WHAT THIS TASK INVOLVES:
What is needed is a word-for-word copy of all the entries, minus the pictures.

═══ MATERIAL PROVIDED

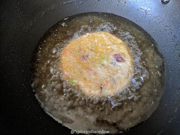 Meanwhile heat oil in a pan or kadai…. you may shallow fry too if you wish. Iam deep frying it to golden.
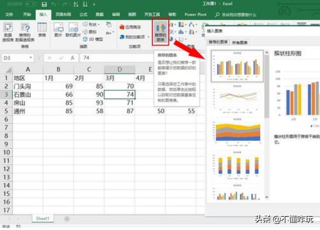 Excel中,还有一个非常好用的功能,那便是,推荐图表功能。
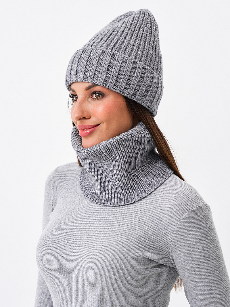 Комплект на флисе с кашемиром кожаный декор. Шапка + снуд: дл.31см. шир.22см.
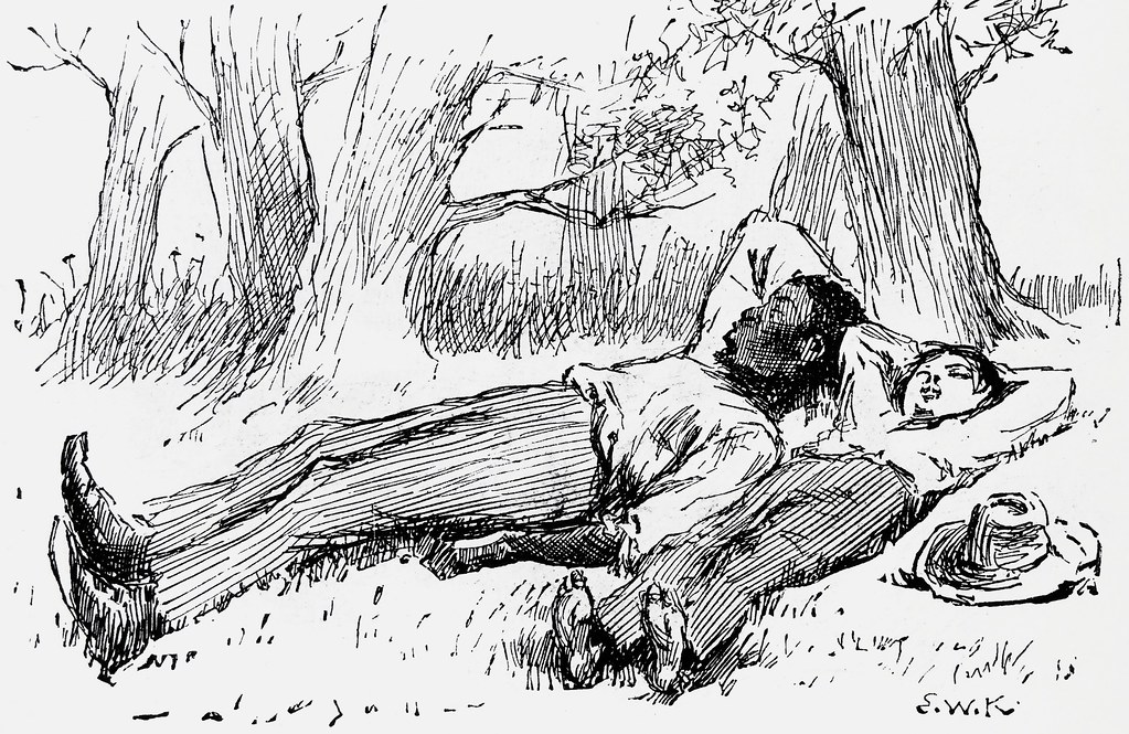 “I got out amongst the drift-wood and then laid down in the bottom of the canoe and let her float. I laid there and had a good rest and a smoke out of my pipe, looking away into the sky, not a cloud in it. The sky looks ever so deep when you lay down on your back in the moonshine; I never knowed it before.”
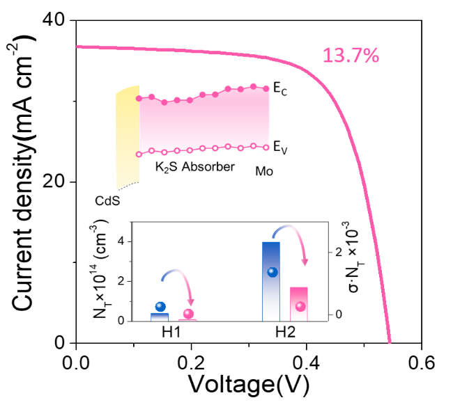 锌黄锡矿半导体Cu2ZnSn(SSe)4(CZTSSe)同样是因为其元素廉价无毒以及具有大于32%的理论光电转换效率成为很有前途的新型薄膜光伏材料之一。近年来CZTSSe薄膜太阳电池的效率不断攀升,但仍远低于其理论值,这主要归因于带隙和电位明显的波动,较短的少数载流子寿命以及缺陷引起的严重载流子复合;铜铟镓硒(CIGS)的成熟经验证明双梯度带隙结构使太阳电池兼具良好的电子输运特性和较高的开路电压,然而实现双梯度带隙结构对高温硒化成膜的CZTSSe太阳电池来说极具挑战。本文通过调整前驱体薄膜中K2S层的位置和K2S溶液的浓度,可实现调控带隙最小值(缺口)的位置和深度,避免由于不合适的前梯度起始位置和不理想的带隙缺口而产生的电子屏障;晶粒生长过程中K和Se的高亲和能容易形成K2Se3等K-Se液体中间相,它们沿着薄膜内的空隙和晶界流动,不仅降低熔点加速硒化,还可作为硒源使薄膜的硒化更加充分;碱金属K的引入促进了晶粒生长过程中各元素的扩散,使吸收层更大比例的组分参与晶粒生长,从而稳定Sn含量,深能级缺陷VSn和CuSn得到抑制,最终构建出CZTSSe薄膜太阳电池光电转换效率达到13.7%,属于国际领先水平,相关研究成果发表在Advanced Functional Materials (2023)2311992(影响因子:19.0,中科院JCR一区,Top期刊),梁广兴和苏正华为通讯作者,其指导的联合培养博士生赵云海为第一作者,乐竞平台为唯一通讯单位。
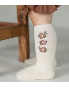 Adorable tights with pretty pink floral pattern on the side with non slip soles in soft cotton.
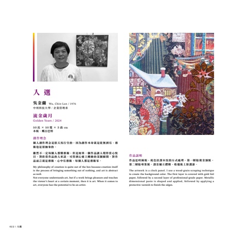 022 | 入選吳金蘭中州科技大學 / 企業管理系流金歲月Golden Years / 202450 長 × 50 寬 × 3 高 cm木板、蝶古巴特創作理念個人創作理念是很天馬行空的,因為創作本身就是從無到有,藝術也是很抽象的。雖然不一定每個人都懂藝術,但是如果一個作品讓人覺得賞心悅目,對欣賞作品的人來說,可得到心靈上觸動的某個瞬間,對作品而言就是藝術。心中有藝術,每個人都是藝術家。My philosophy of creation is quite out of the box because creation itself is the process of bringing something out of nothing, and art is abstract as well.Not everyone understands art, but if a work brings pleasure and touches the viewer’s heart at a certain moment, then it is art. When it comes to art, everyone has the potential to be an artist.Wu, Chin-Lan / 1976作品說明作品是時鐘板,底色以刮木紋的方式處理,第一層貼燙金綿紙,第二層貼專業紙。刮金屬立體劑,收邊後上保護漆。The artwork is a clock panel. I use a wood-grain scraping technique to create the background color. The first layer is covered with gold foil paper, followed by a second layer of professional-grade paper. Metallic dimensional paste is shaped and applied, followed by applying a protective varnish to finish the edges.入 選
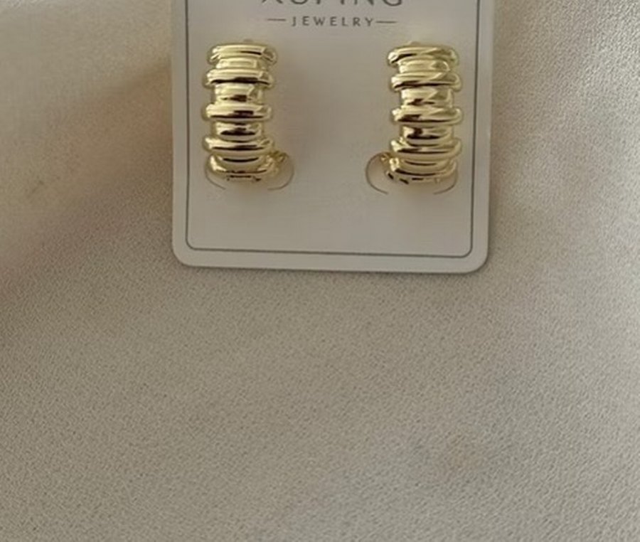 Altın renginde, pilili ve parlak yüzeye sahip midi uzunlukta minimalist, çağdaş küpeler. Romantik akşamlar için uygundur. EWELR işaretlidir.

══════

RESULT FOR THIS TASK:
 Meanwhile heat oil in a pan or kadai…. you may shallow fry too if you wish. Iam deep frying it to golden.
 Excel中,还有一个非常好用的功能,那便是,推荐图表功能。
 Комплект на флисе с кашемиром кожаный декор. Шапка + снуд: дл.31см. шир.22см.
 “I got out amongst the drift-wood and then laid down in the bottom of the canoe and let her float. I laid there and had a good rest and a smoke out of my pipe, looking away into the sky, not a cloud in it. The sky looks ever so deep when you lay down on your back in the moonshine; I never knowed it before.”
 锌黄锡矿半导体Cu2ZnSn(SSe)4(CZTSSe)同样是因为其元素廉价无毒以及具有大于32%的理论光电转换效率成为很有前途的新型薄膜光伏材料之一。近年来CZTSSe薄膜太阳电池的效率不断攀升,但仍远低于其理论值,这主要归因于带隙和电位明显的波动,较短的少数载流子寿命以及缺陷引起的严重载流子复合;铜铟镓硒(CIGS)的成熟经验证明双梯度带隙结构使太阳电池兼具良好的电子输运特性和较高的开路电压,然而实现双梯度带隙结构对高温硒化成膜的CZTSSe太阳电池来说极具挑战。本文通过调整前驱体薄膜中K2S层的位置和K2S溶液的浓度,可实现调控带隙最小值(缺口)的位置和深度,避免由于不合适的前梯度起始位置和不理想的带隙缺口而产生的电子屏障;晶粒生长过程中K和Se的高亲和能容易形成K2Se3等K-Se液体中间相,它们沿着薄膜内的空隙和晶界流动,不仅降低熔点加速硒化,还可作为硒源使薄膜的硒化更加充分;碱金属K的引入促进了晶粒生长过程中各元素的扩散,使吸收层更大比例的组分参与晶粒生长,从而稳定Sn含量,深能级缺陷VSn和CuSn得到抑制,最终构建出CZTSSe薄膜太阳电池光电转换效率达到13.7%,属于国际领先水平,相关研究成果发表在Advanced Functional Materials (2023)2311992(影响因子:19.0,中科院JCR一区,Top期刊),梁广兴和苏正华为通讯作者,其指导的联合培养博士生赵云海为第一作者,乐竞平台为唯一通讯单位。
 Adorable tights with pretty pink floral pattern on the side with non slip soles in soft cotton.
 022 | 入選吳金蘭中州科技大學 / 企業管理系流金歲月Golden Years / 202450 長 × 50 寬 × 3 高 cm木板、蝶古巴特創作理念個人創作理念是很天馬行空的,因為創作本身就是從無到有,藝術也是很抽象的。雖然不一定每個人都懂藝術,但是如果一個作品讓人覺得賞心悅目,對欣賞作品的人來說,可得到心靈上觸動的某個瞬間,對作品而言就是藝術。心中有藝術,每個人都是藝術家。My philosophy of creation is quite out of the box because creation itself is the process of bringing something out of nothing, and art is abstract as well.Not everyone understands art, but if a work brings pleasure and touches the viewer’s heart at a certain moment, then it is art. When it comes to art, everyone has the potential to be an artist.Wu, Chin-Lan / 1976作品說明作品是時鐘板,底色以刮木紋的方式處理,第一層貼燙金綿紙,第二層貼專業紙。刮金屬立體劑,收邊後上保護漆。The artwork is a clock panel. I use a wood-grain scraping technique to create the background color. The first layer is covered with gold foil paper, followed by a second layer of professional-grade paper. Metallic dimensional paste is shaped and applied, followed by applying a protective varnish to finish the edges.入 選
 Altın renginde, pilili ve parlak yüzeye sahip midi uzunlukta minimalist, çağdaş küpeler. Romantik akşamlar için uygundur. EWELR işaretlidir.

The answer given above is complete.